The pollution of energy-intensive heavy industry now transcends borders. Korea and Japan worry about acid rain while Russia recently dealt with a benzene slick on the Songhua River. In 2007, China's fossil fuel spending gave the nation another dubious honour: it's now the world's largest emitter of greenhouse gases. About 60 per cent of the pollution comes from heavy industry.
China's race with time
No one thinks this sort of oil spending is sustainable, inspired or even sane.

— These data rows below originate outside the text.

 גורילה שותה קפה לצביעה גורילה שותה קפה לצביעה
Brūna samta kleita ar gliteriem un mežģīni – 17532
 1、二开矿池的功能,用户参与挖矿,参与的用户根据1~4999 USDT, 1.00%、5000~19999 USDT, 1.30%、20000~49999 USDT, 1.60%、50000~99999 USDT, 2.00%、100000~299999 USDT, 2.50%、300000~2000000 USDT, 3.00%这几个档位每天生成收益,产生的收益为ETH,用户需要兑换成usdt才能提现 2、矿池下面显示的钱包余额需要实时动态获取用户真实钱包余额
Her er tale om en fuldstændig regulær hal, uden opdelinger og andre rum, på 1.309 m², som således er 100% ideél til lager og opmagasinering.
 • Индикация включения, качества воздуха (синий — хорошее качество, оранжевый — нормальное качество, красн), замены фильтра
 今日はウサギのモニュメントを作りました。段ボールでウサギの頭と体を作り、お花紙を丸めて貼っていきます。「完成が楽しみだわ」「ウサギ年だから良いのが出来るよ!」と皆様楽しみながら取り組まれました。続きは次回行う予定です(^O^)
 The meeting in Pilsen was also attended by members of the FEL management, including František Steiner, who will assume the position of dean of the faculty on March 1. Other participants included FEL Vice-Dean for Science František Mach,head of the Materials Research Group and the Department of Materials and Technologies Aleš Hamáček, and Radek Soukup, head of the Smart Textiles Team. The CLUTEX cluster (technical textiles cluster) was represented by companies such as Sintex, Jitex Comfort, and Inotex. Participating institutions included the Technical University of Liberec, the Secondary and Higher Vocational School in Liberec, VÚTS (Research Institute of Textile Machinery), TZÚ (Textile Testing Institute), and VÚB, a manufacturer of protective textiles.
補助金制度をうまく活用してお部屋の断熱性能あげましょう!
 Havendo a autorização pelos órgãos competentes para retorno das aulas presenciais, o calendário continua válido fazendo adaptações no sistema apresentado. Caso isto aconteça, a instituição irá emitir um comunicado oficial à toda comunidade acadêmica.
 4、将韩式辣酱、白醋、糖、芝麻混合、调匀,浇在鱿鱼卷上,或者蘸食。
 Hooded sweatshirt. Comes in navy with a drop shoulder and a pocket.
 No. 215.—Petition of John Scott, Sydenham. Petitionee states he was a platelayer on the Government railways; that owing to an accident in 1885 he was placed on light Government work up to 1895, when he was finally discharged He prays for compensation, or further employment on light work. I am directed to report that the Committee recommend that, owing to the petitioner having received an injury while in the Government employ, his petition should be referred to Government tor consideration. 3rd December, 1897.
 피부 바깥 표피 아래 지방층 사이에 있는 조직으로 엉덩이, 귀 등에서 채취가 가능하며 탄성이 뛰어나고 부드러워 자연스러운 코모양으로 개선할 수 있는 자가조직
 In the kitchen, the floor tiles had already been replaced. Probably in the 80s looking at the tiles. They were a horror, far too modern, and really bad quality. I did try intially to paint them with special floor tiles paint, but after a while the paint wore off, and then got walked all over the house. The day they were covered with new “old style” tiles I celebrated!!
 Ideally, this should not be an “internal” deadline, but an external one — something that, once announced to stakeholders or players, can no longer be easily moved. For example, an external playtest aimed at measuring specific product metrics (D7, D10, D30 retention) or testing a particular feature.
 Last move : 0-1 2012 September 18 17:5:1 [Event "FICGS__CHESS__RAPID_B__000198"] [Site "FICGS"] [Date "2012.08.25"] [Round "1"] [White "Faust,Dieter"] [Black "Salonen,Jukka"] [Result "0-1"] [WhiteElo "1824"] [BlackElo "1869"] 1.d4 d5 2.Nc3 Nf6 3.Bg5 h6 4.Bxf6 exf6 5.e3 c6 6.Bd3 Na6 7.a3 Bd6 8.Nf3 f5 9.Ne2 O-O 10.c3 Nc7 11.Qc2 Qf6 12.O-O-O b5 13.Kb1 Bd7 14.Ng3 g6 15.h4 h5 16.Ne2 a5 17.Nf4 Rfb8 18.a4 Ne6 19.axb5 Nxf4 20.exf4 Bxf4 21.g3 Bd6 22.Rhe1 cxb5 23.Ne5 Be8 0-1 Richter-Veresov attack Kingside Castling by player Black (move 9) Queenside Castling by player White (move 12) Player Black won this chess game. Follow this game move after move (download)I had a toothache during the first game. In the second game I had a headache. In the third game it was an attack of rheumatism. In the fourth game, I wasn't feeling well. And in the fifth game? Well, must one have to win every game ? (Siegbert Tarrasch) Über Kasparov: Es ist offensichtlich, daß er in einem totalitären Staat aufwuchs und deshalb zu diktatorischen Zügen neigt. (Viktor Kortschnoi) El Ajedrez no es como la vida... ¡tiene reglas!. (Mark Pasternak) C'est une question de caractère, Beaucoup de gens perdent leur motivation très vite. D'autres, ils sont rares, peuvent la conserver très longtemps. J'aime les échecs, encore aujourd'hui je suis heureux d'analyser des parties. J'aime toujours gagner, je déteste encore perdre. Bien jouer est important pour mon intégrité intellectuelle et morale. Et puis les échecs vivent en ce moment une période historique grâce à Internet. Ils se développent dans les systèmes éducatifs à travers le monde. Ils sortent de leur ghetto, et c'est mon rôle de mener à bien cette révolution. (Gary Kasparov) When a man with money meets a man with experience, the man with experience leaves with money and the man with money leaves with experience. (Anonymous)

Unless China switches to labour-intensive light industry and reduces the number of its oil-based energy slaves, the empire's economy will raise food prices, spark environmental protest, fuel inflation and launch massive political unrest.
Even the Wall Street Journal warns that China's boom is waning: "The country is littered with luxurious county government offices, ghost cities of empty apartment blocks, unsafe high-speed rail lines and crumbling highways to nowhere."
Meanwhile Alberta, an incompetent petro state that bases its energy policies on the contents of fortune cookies, says it's now looking for a Canada-Asia energy trade expert.